GBP/USD eased 44 points to trade at 1.6842 after industrial and manufacturing production missed expectations following a drop in PMI last week. Businesses and taking on more staff, but a strong sterling is hurting exports. The Confederation of British Industry (CBI), the UK’s largest business lobbyist, said in its monthly SME manufacturing survey for July that 31% of firms reported output increasing, while 16% said that it decreased, giving a balance of +15%.

AUD/USD took a major fall after the release of unemployment numbers this morning tumbling to 0.9285 down 69 points when just last month traders were hoping to see the currency break 95. The unemployment rate has surged to a 12-year high in July as the number of Australians in jobs went backwards, adding to political pressure on the government.

USD/JPY tumbled on Wednesday to trade at 102.12 and recovered 7 points this morning to reach 102.19 after the greenback lost a bit of its momentum. US data remained positive with the trade balance narrowing well below forecasts as exports skyrocketed again this month. The Bank of Japan (BoJ) looks set to bring no major surprises at its policy meeting this week, but the market will be keeping an ear out for any changes in Governor Haruhiko Kuroda’s optimistic stance on the economy.

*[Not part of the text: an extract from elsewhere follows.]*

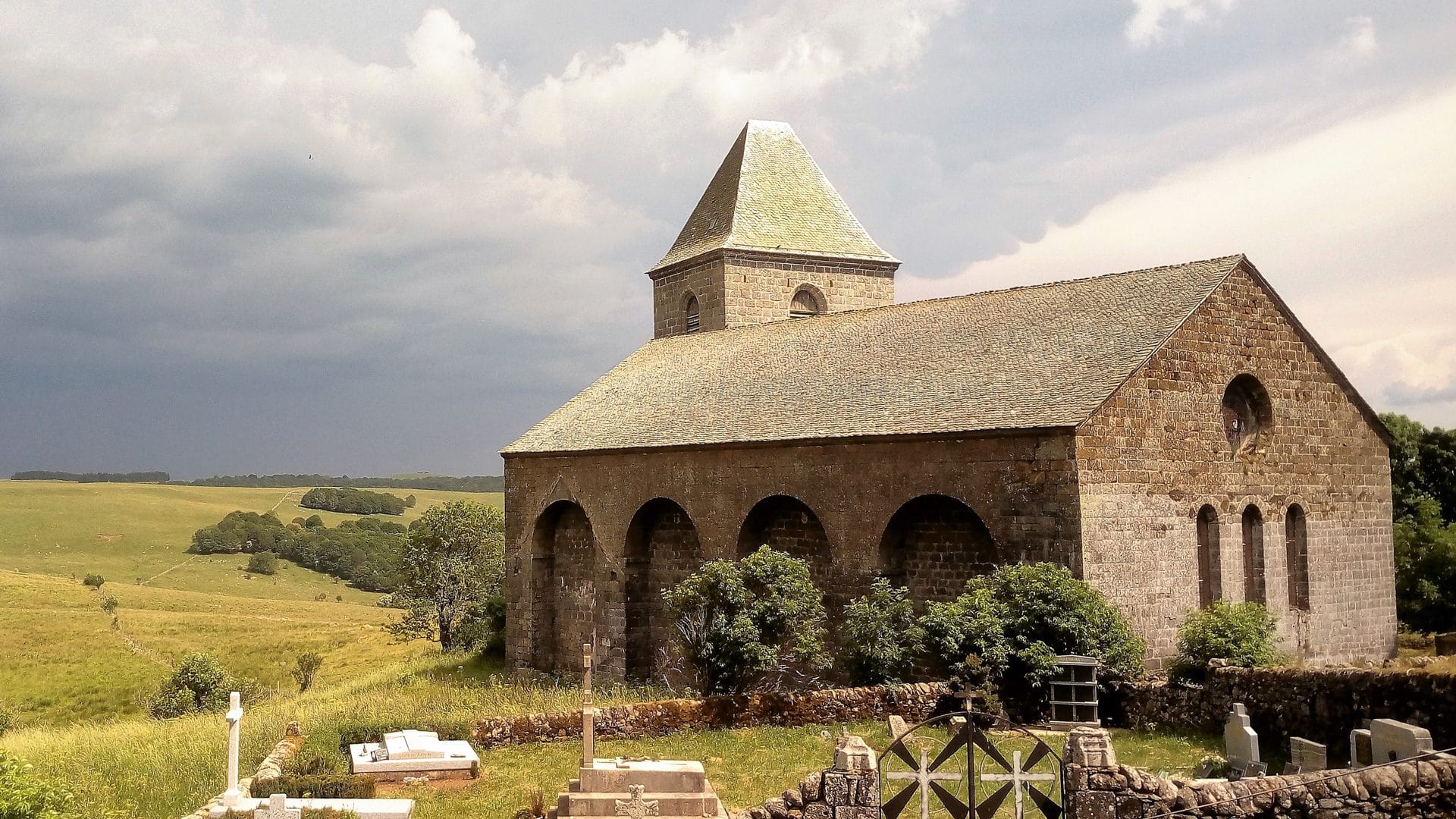 De wind is ondertussen een stuk strakker mijn fluohesje wappert als een vlag op mijn rug maar ik haal de top van de Col d’Aubrac (1340 m), bezoek daar de Dômerie d’Aubrac, het restant van een vroeger klooster dat rond 1120 gesticht werd door Adelard, burggraaf van Vlaanderen. (Het pelgrimskoor van het Genootschap heeft hieraan zijn naam ontleend).

Gold was steady after climbing in the Asian session adding $6.50 to trade at 1291.80. Gold edged up slightly and could benefit from a bout of market risk aversion as fears of increasing military action along the Ukraine border put global equities under pressure. Geopolitical tensions in Ukraine and the Middle East have largely been responsible for gold’s 7 percent gain this year. Gold, often seen as alternative investment to riskier assets such as equities, could gain if stocks fall further.